Туда мне почему-то ехать не захотелось. Во-первых, если мне не нужны неприятности с милицией, мне нужно дергать отсюда как можно скорее; а во-вторых, мне, когда из пальца-то кровь берут, и то - тошно становится. И, оттого ли, что я на миг представил, какую картину я могу там увидеть, от встряски ли, но меня и вправду начало тошнить. Но я пересилил себя и, отерев ладонью выступившую испарину, двинул в обратную сторону - в сторону Тошиной фазенды.
КОЗЛЫ
Вот она - дача. Нарисовалась. Я уже примерно представлял, что буду иметь счастье там лицезреть.

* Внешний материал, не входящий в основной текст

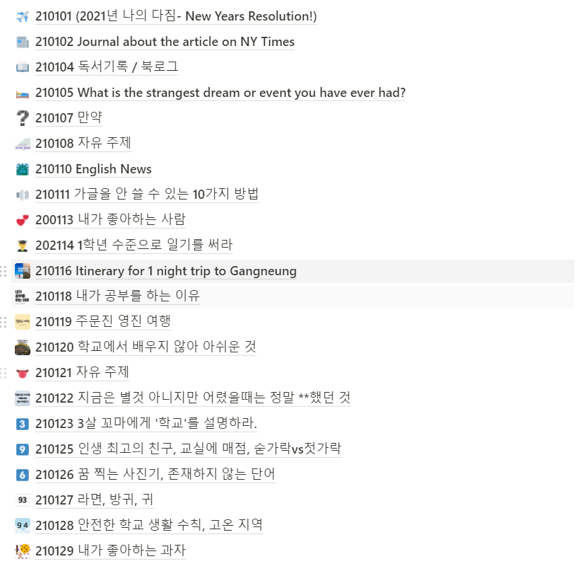 디지털 기록의 장점인 어디에서든 온라인으로 연결만 되어 있으면 볼 수 있는 자료는 참으로 편한 것 같습니다. 공책에 직접 적었다면, 1월의 글쓰기 결산을 하기 위해서는 그 공책이 지금 제 손에 있어야하고, 또 종이를 하나 하나 넘겨가며 했던 날과 안했던 날. 그리고 주제가 무엇이었는지를 따로 옮겨 적어야 했었을테니까요.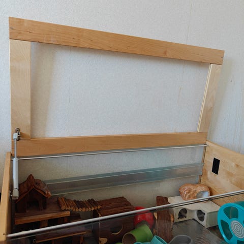 Trähus för smådjur med flera nivåer och gallerdörrar. Inkluderar tillbehör som vattenflaska, stegar, hjul och leksaker i trä och plast. Passar för små husdjur som hamstrar. Material av trä och metallgaller. Målad på utsidan. Spån och sand ingår.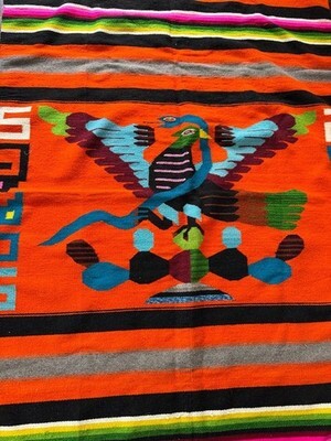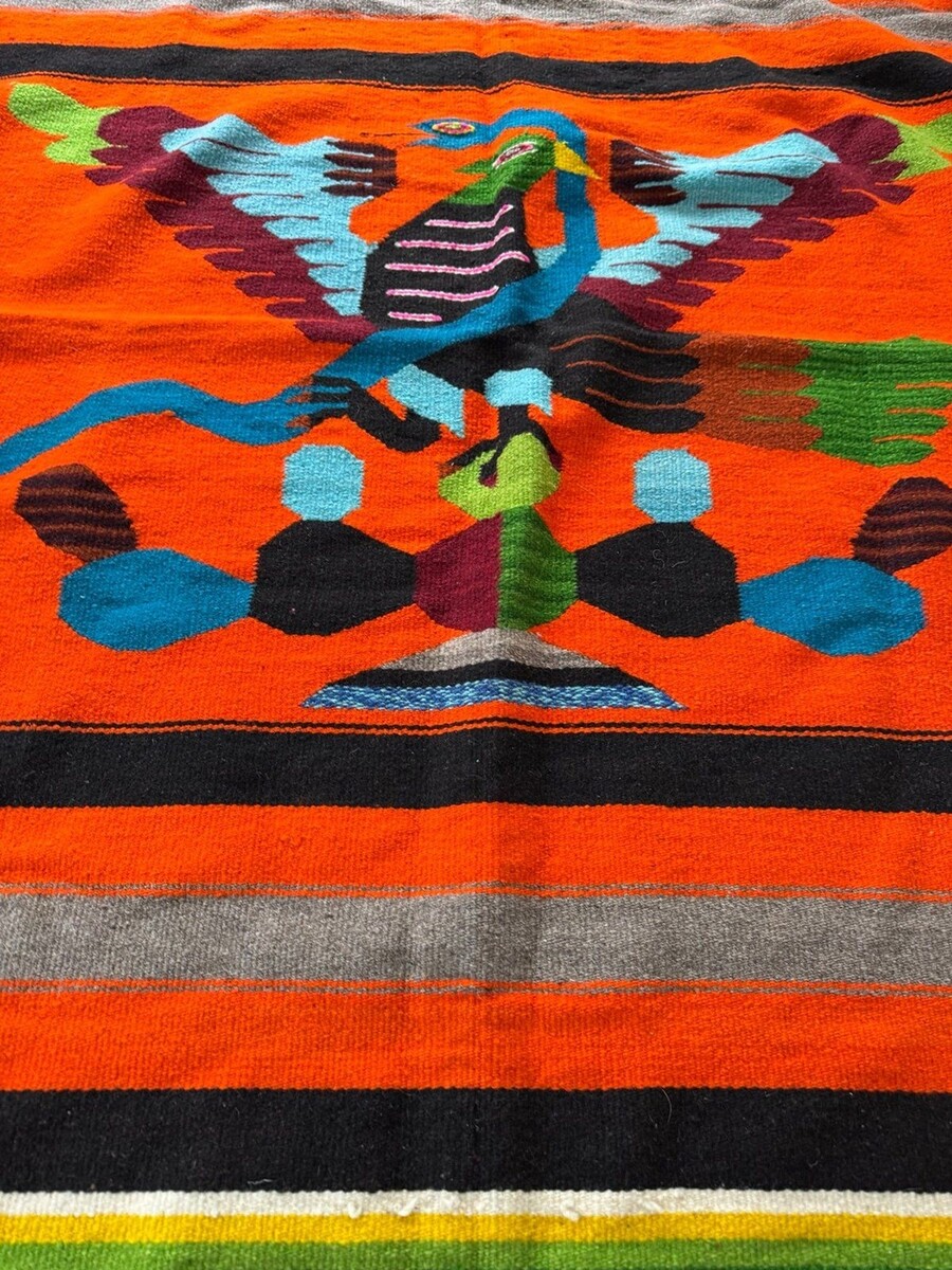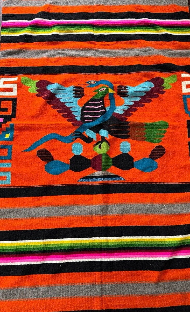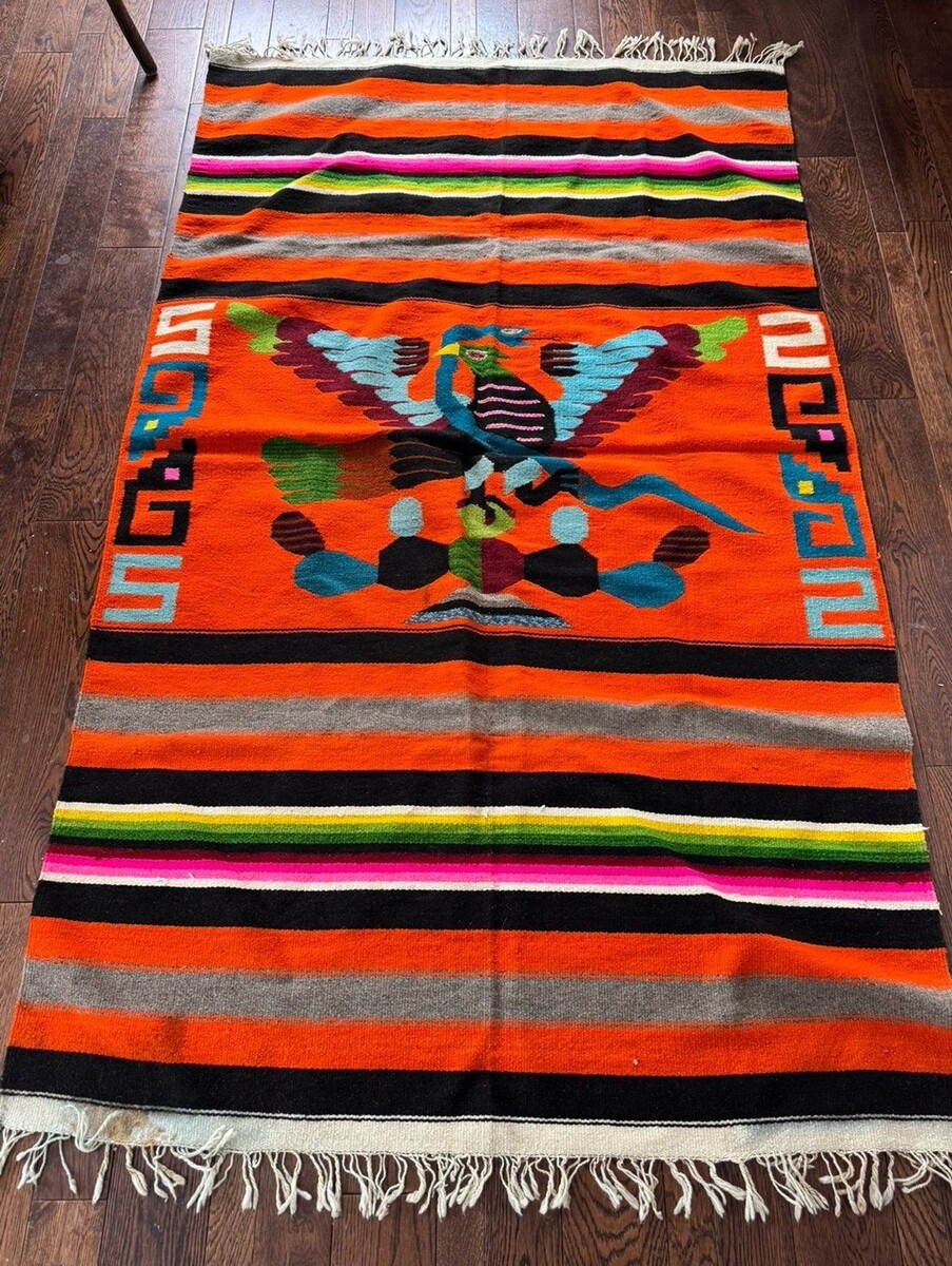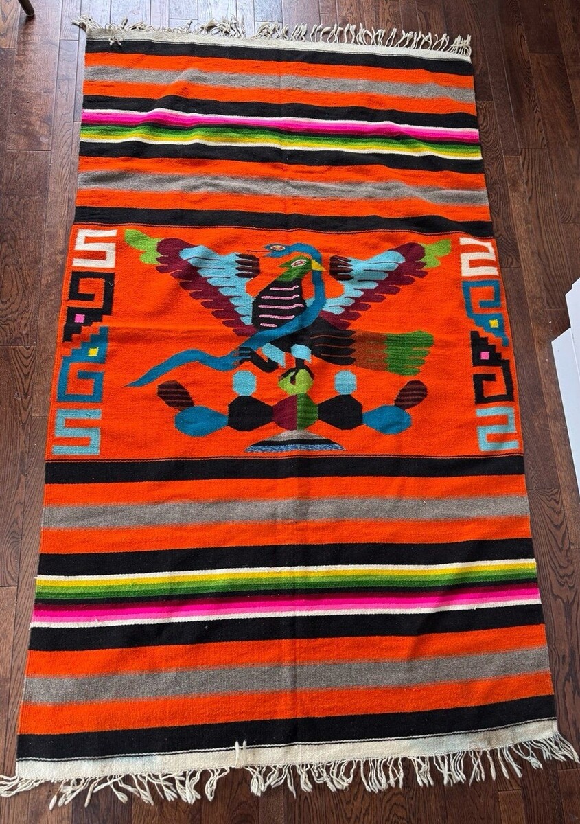 Vintage Mexican Latin American Aztec Mayan Blanket Wool Kilim Rug 4'3 x 6'6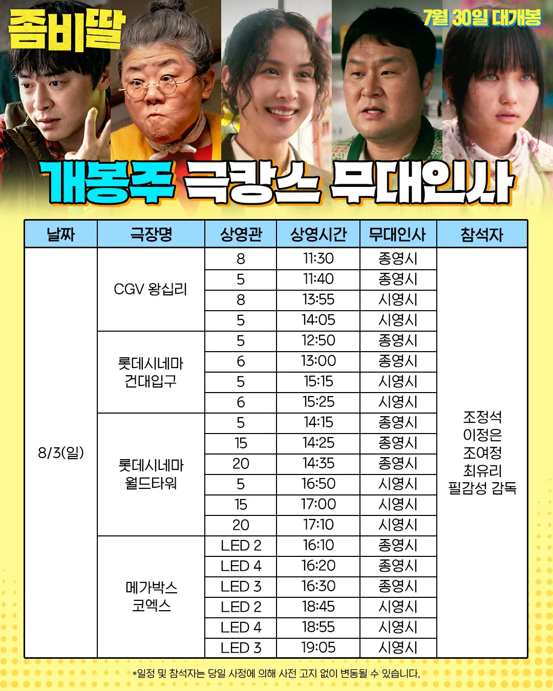 좀비딸 무대인사 일정 안내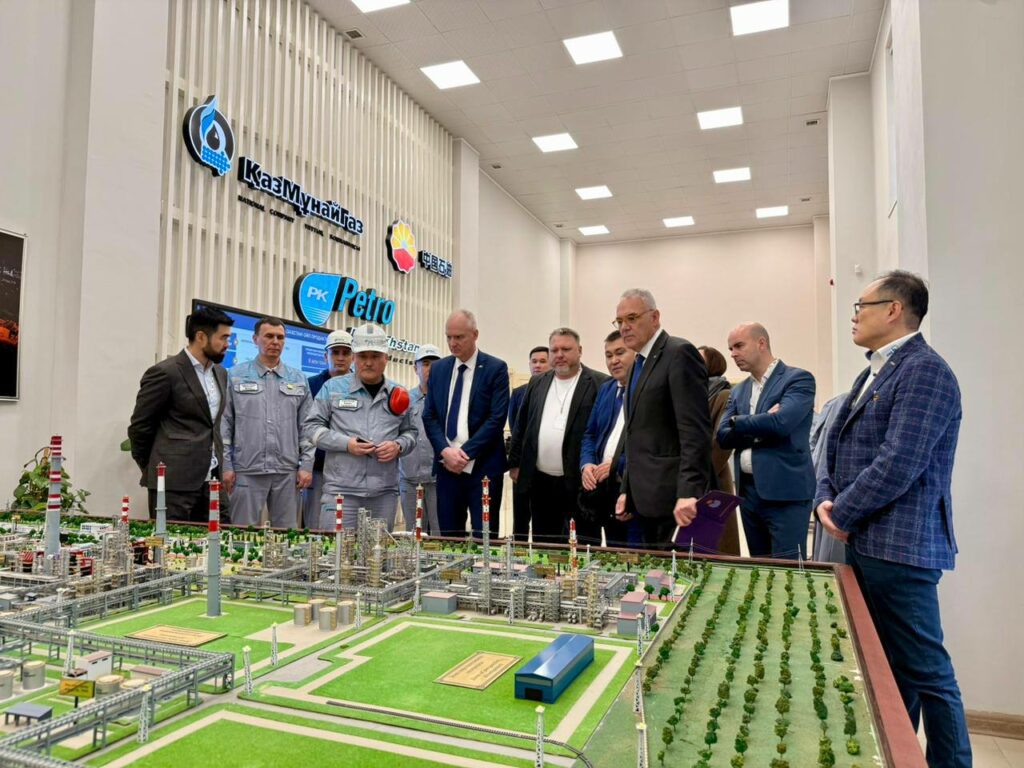 Сапар барысында, қонақтар техникалық қауіпсіздік бойынша нұсқамадан өткеннен кейін, кәсіпорын нысандарымен, мұнайды өңдеудің заманауи технологияларымен және зауытты әрі қарай жаңғырту жоспарларымен танысты.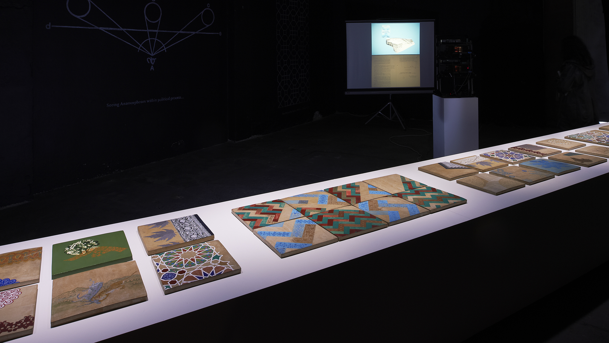 Kashmir is India’s northernmost state and, since 1947 (the year the subcontinent rid itself of British rule), the site of a separatist movement. In an installation that involves dual slide-projection, papier mâché tiles and wall drawings, Praneet Soi eschews media representations of Kashmir and opts for the generation of a personal narrative.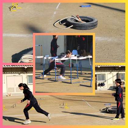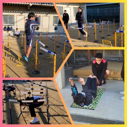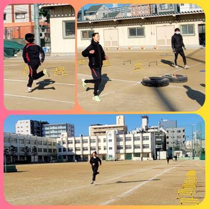 快晴のもと、運動場では陸上部が基礎練習を繰り返しています。ハードルを使って股関節の柔軟性を高め、鉄アレイを使い体幹を鍛えます。また、下半身強化のために高いハードルをバネのようにして垂直ジャンプで越えて行きます。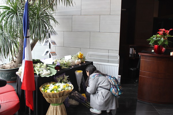法国当地时间13日晚,巴黎发生多起恐怖袭击事件,许多无辜的普通民众在此次恐怖袭击中丧生。次日上午,我院本科生代表十余人前往法兰西共和国驻华使馆,吊唁巴黎系列恐怖袭击遇难者。我院“形势与政策”小组常务副组长王帅捷、副组长兼外联专员王聿闻、学研顾问陈鸣悦等参加了吊唁活动。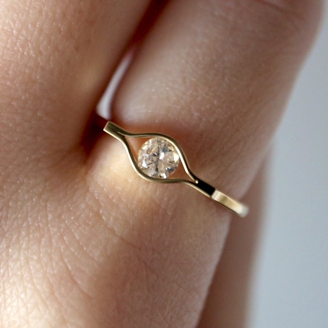 天然石が隙間から顔を覗かせるユニークなスタイルで、ミニマルながらモードな印象のリングです。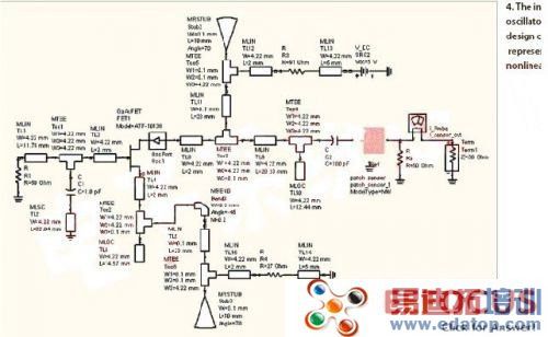 所有接线天线以及振荡器的设计步骤都是并行执行的。在天线旁引入了天线馈线的辐射影响,并且在馈线处的输入阻抗变化作为振荡器设计的输入参数。采用电压串联反馈来将振荡器输出动态范围最大化,并保证保持工作在有源器件的最不稳定区,以满足振荡条件的需要。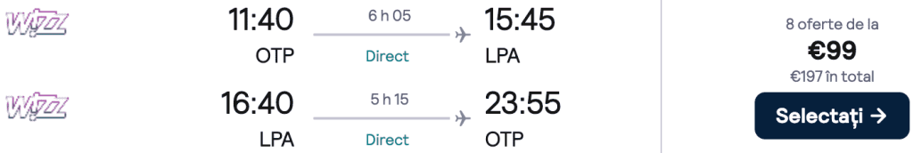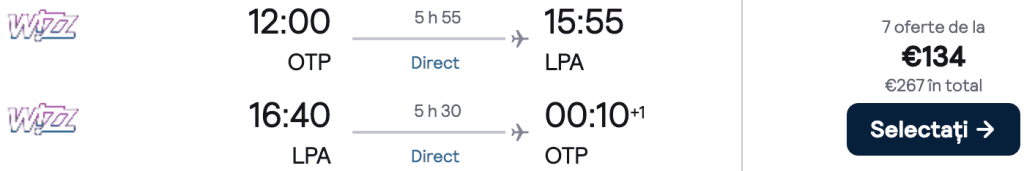 ZBOR: București -> Gran Canaria, Preț dus-întors 134€/pers, 14-21 Apr 2026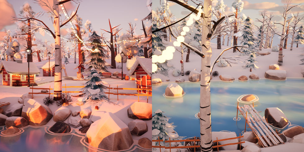 Trees swaying, leaves rustling, snow, smoke and water. Tree swaying and leaves rustling effect are done with nodes inside the asset materials in Unreal Engine shown below

...И он привел меня в престранные гости,
Где все сидели за накрытым столом,
Там пили портвейн, там играли в кости
И называли друг друга говном...
Тоша достает меня своими жлобскими замашками. В будни меня ломает от одного его вида: костюмчик, галстучек, улыбочка с ямочками на гладко выбритых скулах... За то уж в выходные он "отрывается" - едет на дачу со своими дружками-молодыми "бизнесменами", да с девками, "за которых не дашь и рубля", и жрет там водку до полного опупения.
Я оставил свой помятый пылесос перед калиткой и вошел. Из-за двери двухэтажного коттеджа диким голосом орет Розенбаум. Пихнул дверь - не заперто. Прошел сенями, вышел в горницу. Трое на трое. Все в порядке. Спят.
Нашел я Тошу, стал его за ноги из этой кучи-малы вытаскивать. Но он и сам оклемался, вылез. Лыка не вяжет.
– О, - говорит, - Колек. А я как чувствовал, что ты приедешь. "Седня, - говорю, - славяне, Колек приедет. Бля буду".
– Будешь, будешь, - приговариваю я и волоку его за шкирку на свежий воздух. Вывел, тряхнул его слегка и говорю:
– Что ж ты, Антон Павлович? Тезка твой как говорил? "В человеке все должно быть прекрасно". А ты нажрался как свинья. А?!
Он слегка в себя пришел и вдруг всхлипывать стал - так жалобно:
– Чего ты хочешь-то? Ты скажи только, я сразу...
Дал я ему тут пару хороших оплеух, потом подтащил к бочке с водой, которая под водосточной трубой стояла, окунул его туда рожей и подождал, пока захлебнется. Тогда только вытащил. Смотрю: и вовсе стал приличный.
– Что случилось?
– спрашивает почти трезво.
– Ты зачем, - говорю, - тварь такая, Рома на иглу посадил?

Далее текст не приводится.